Unnamed: 0,id,comment_text,toxic,severe_toxic,obscene,threat,insult,identity_hate
0,0000997932d777bf,Explanation\nWhy the edits made under my usern...,0,0,0,0,0,0
1,000103f0d9cfb60f,D'aww! He matches this background colour I'm s...,0,0,0,0,0,0
2,000113f07ec002fd,"Hey man, I'm really not trying to edit war. It...",0,0,0,0,0,0
3,0001b41b1c6bb37e,"""\nMore\nI can't make any real suggestions on ...",0,0,0,0,0,0
4,0001d958c54c6e35,"You, sir, are my hero. Any chance you remember...",0,0,0,0,0,0


In [4]:
val_idxs = get_cv_idxs(len(train_txt) - 1)
val_idxs

array([139361, 131630, 125325, ...,  34019,  83937,  78557])

In [5]:
val_txt = pd.DataFrame(columns=['id', 'comment_text', 'toxic', 'severe_toxic', 'obscene', 'threat', 'insult', 'identity_hate'])

for idx in val_idxs:
    val_txt = val_txt.append({
        "id": train_txt.iloc[idx].id,
        "comment_text": train_txt.iloc[idx].comment_text,
        "toxic": train_txt.iloc[idx].toxic,
        "severe_toxic": train_txt.iloc[idx].severe_toxic,
        "obscene": train_txt.iloc[idx].obscene,
        "threat": train_txt.iloc[idx].threat,
        "insult": train_txt.iloc[idx].insult,
        "identity_hate": train_txt.iloc[idx].identity_hate
    }, ignore_index=True)

val_txt.head()

Unnamed: 0,id,comment_text,toxic,severe_toxic,obscene,threat,insult,identity_hate
0,e9da055864f188e6,"If this is denied again, can I take this any h...",0,0,0,0,0,0
1,c03e1e0c39d897cd,Hi\nI'm also from Northern Ireland ),0,0,0,0,0,0
2,9e5b37f5a2619a54,""", 1 January 2008 (UTC)\nWell, you're an admin...",0,0,0,0,0,0
3,d8657148a508d925,"""\n\nIn light of this. I do not see how my edi...",0,0,0,0,0,0
4,dfa7cbdbdfd4729f,"""\n\n Begin text copy from logical subpage to ...",0,0,0,0,0,0


In [6]:
train_txt = train_txt.drop(train_txt.index[val_idxs])

In [7]:
test_txt = pd.read_csv(PATH + 'test.csv')
test_txt.head()

Unnamed: 0,id,comment_text
0,00001cee341fdb12,Yo bitch Ja Rule is more succesful then you'll...
1,0000247867823ef7,== From RfC == \n\n The title is fine as it is...
2,00013b17ad220c46,""" \n\n == Sources == \n\n * Zawe Ashton on Lap..."
3,00017563c3f7919a,":If you have a look back at the source, the in..."
4,00017695ad8997eb,I don't anonymously edit articles at all.


In [None]:
all_text = ""

In [None]:
train_txt.comment_text[0]

In [None]:
for i in range(len(train_txt)):
    all_text += train_txt.comment_text[i]
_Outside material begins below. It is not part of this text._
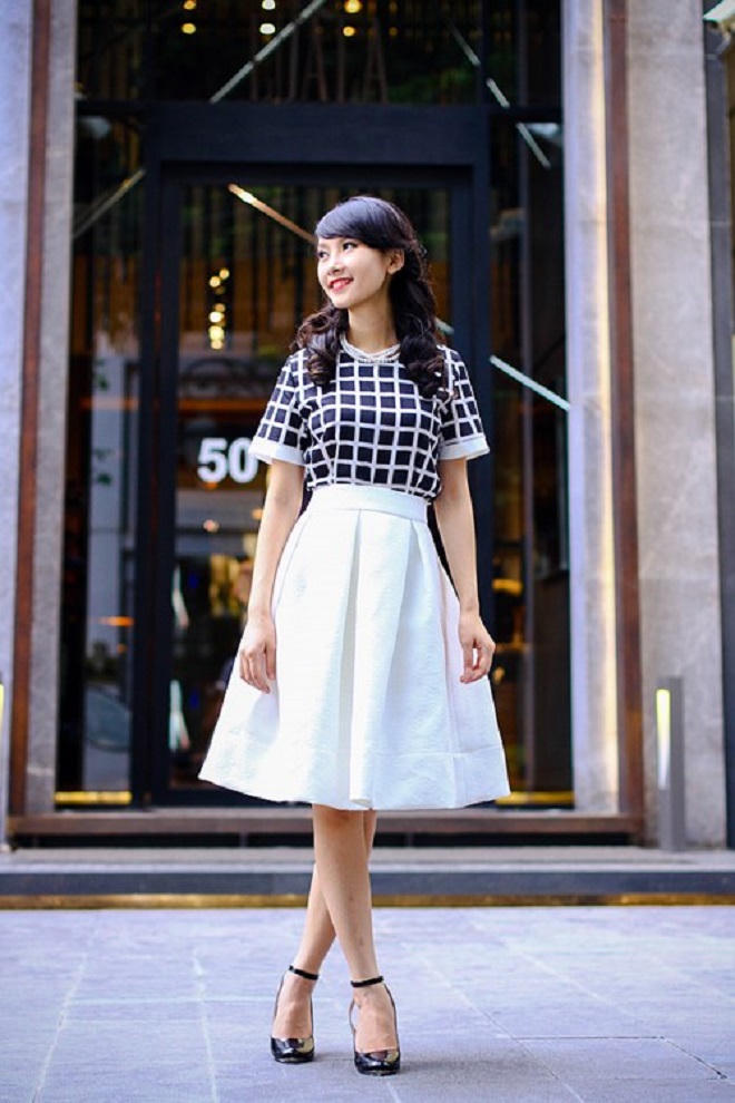 Đừng lựa chọn mẫu áo quá cầu kỳ, cách tốt nhất là những loại áo đơn giản sẽ giúp bạn trông gọn gàng và tổng thể trở nên thanh thoát hơn. Lựa chọn chân váy midi với dáng xòe vừa hoặc hơi ôm có xẻ một chút giúp nàng thấp bé khoe khéo được đôi chân, tôn lên vẻ đẹp đầy đặn, gợi cảm.

for j in range(len(test_txt)):
    all_text += test_txt.comment_text[j]

In [None]:
len(all_text)

In [None]:
all_text[:20000]

In [None]:
!mkdir ./data/lang_model/

In [None]:
!touch ./data/lang_model/train.txt

In [None]:
!touch ./data/lang_model/val.txt

In [None]:
with open(PATH + 'train.txt', 'w') as file:
    file.write(all_text[:89076293])

In [None]:
with open(PATH + 'val.txt', 'w') as file:
    file.write(all_text[89076293:])

## 1.2 Tokenize Text, Prepare Model for Training

In [8]:
TRAIN_PATH = 'train.txt'
VAL_PATH = 'val.txt'
TEST_PATH = 'val.txt'

We will be using the *spacy* tokenizer to tokenize our texts

In [9]:
spacy_tok = spacy.load('en')

In [10]:
TEXT = data.Field(lower=True, tokenize="spacy")
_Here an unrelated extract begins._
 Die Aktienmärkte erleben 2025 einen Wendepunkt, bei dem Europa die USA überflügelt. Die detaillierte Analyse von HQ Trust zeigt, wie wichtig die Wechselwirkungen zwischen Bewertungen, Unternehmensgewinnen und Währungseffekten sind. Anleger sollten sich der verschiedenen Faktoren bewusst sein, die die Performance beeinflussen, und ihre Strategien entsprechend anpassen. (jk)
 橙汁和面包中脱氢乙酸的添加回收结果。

*bptt* stands for back-prop through time and defines how many layers to back propagate through during training. The higher the number, the better the model will be at dealing with long term dependencies in the sentences. However, increasing the number also greatly increases time and memory requirements.

In [11]:
bs=32; bptt=70

In [12]:
%%time
FILES = dict(train=TRAIN_PATH, validation=VAL_PATH, test=VAL_PATH)
md = LanguageModelData.from_text_files(PATH, TEXT, **FILES, bs=bs, bptt=bptt, min_freq=10)
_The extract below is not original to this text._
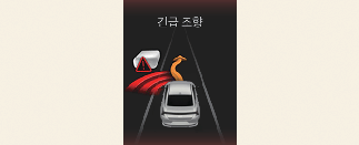 위험 상황이 사라졌다고 판단되면 긴급 조향이 종료됩니다. 필요에 따라 스티어링 휠을 조작하십시오.

CPU times: user 6min 43s, sys: 2.82 s, total: 6min 45s
Wall time: 6min 45s


The *TEXT* object now contains a *vocab* field. We must save this so that we can use it later during the classificiation task.

In [13]:
pickle.dump(TEXT, open(f'{PATH}models/TEXT.pkl','wb'))

(# batches; # unique tokens in the vocab; # tokens in the training set; # sentences)

In [None]:
len(md.trn_dl), md.nt, len(md.trn_ds), len(md.trn_ds[0].text)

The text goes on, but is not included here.